15.The court is also unable to accept the Plaintiff’s explanation that it was unable to take action due to Covid-19 pandemic. Although it is true that the Judiciary scaled down its operations in early 2020, the operations were up-scaled later in the same year. Near normal operations continued throughout 2021 and many litigants transacted their businesses in the Judiciary. The court is thus far from satisfied that the Plaintiff has rendered a credible and reasonable explanation for the lengthy delay in filing the instant application. It is evident from the material on record that the Plaintiff has not been a diligent litigant and it only filed the instant application as an afterthought. Accordingly, the court is not inclined to grant an extension of time to file a notice of appeal out of time.
Whether the Plaintiff requires a court order to be supplied with copies of the proceedings, judgment and decree
16.Although the Plaintiff has prayed for an order to be supplied with certified copies of the proceedings, judgment and decree, no basis for such a prayer has been laid in the application. There is no evidence or allegation that the Plaintiff has ever sought to be supplied with such certified copies. There is no evidence to demonstrate that such request was denied without lawful excuse. The court is of the opinion that the Plaintiff has a legal right to be furnished with copies of the said documents upon request and payment of the applicable fee. The court is further of the opinion that the Plaintiff does not require a court order to facilitate the provision of such documents. That is a matter which ought to be resolved administratively through the Deputy Registrar of the court or the Head of Station.

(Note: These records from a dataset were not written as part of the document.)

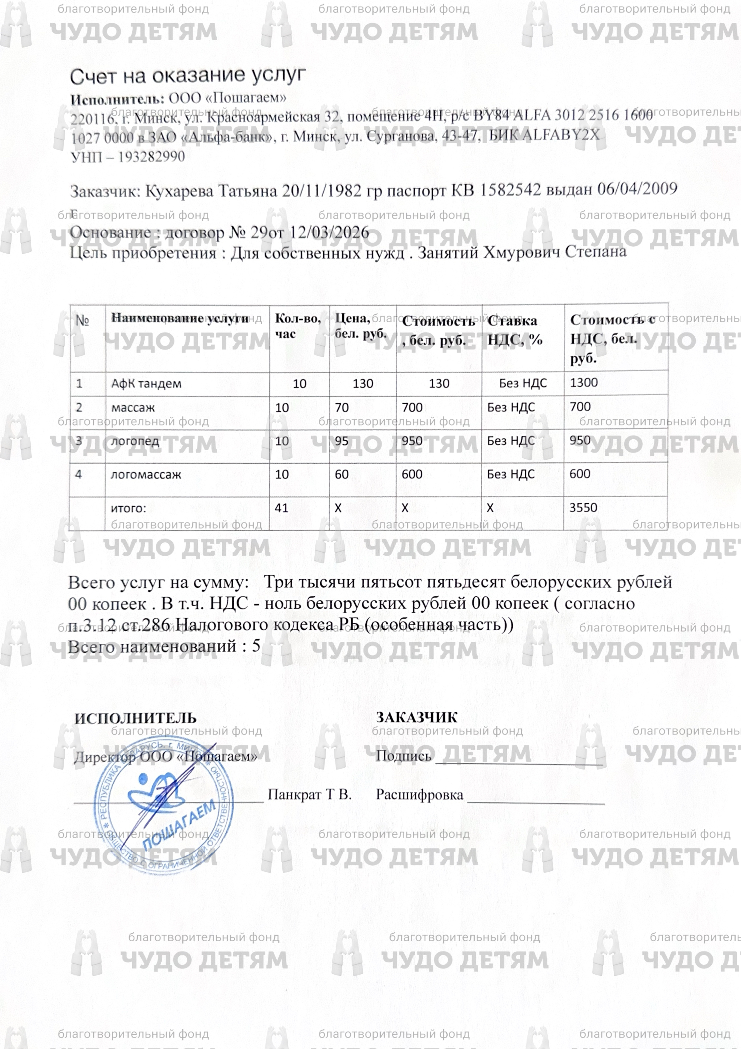 Счёт: BY15 AKBB 3134 0000 0313 4007 0000
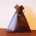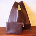 深いチョコブラウンに微細なシボとセミマットの艶。肉厚なのにしなやかで、結ぶだけで三角にきゅっと決まるノットデザイン。柔らかさと、底にたまるドレープが上質感を引き上げます。スマホ・長財布がゆとりで入り、同革ポーチ付きで荷物の整理もスマート。使うほど色艶が深まり、日常を凛と引き締める相棒に。
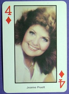- Jeanne Pruett Country Music Singer Single Swap Playing Card 4 DiamondsOpens in a new window or tabPre-OwnedEUR 1.8125% off 5+Top Rated SellerTop Rated Seller+EUR 11.39 shippingmountain_blessed_2 (7,618) 99.9%from United States

17.The upshot of the foregoing is that save for the prayer for leave to change advocates the court finds no merit in the Plaintiff’s application. Accordingly, the court makes the following disposal of the notice of motion dated 18.02.2022:a. Leave be and is hereby granted for the Plaintiff to change advocates from the firm of M/S Kibera & Co. Advocates to M/S Wahome Ndegwa & Co. Advocates.b.The rest of the prayers in the said application are hereby declined.c. The 3rd and 4th Defendants are hereby awarded costs of the application to be borne by the Plaintiff.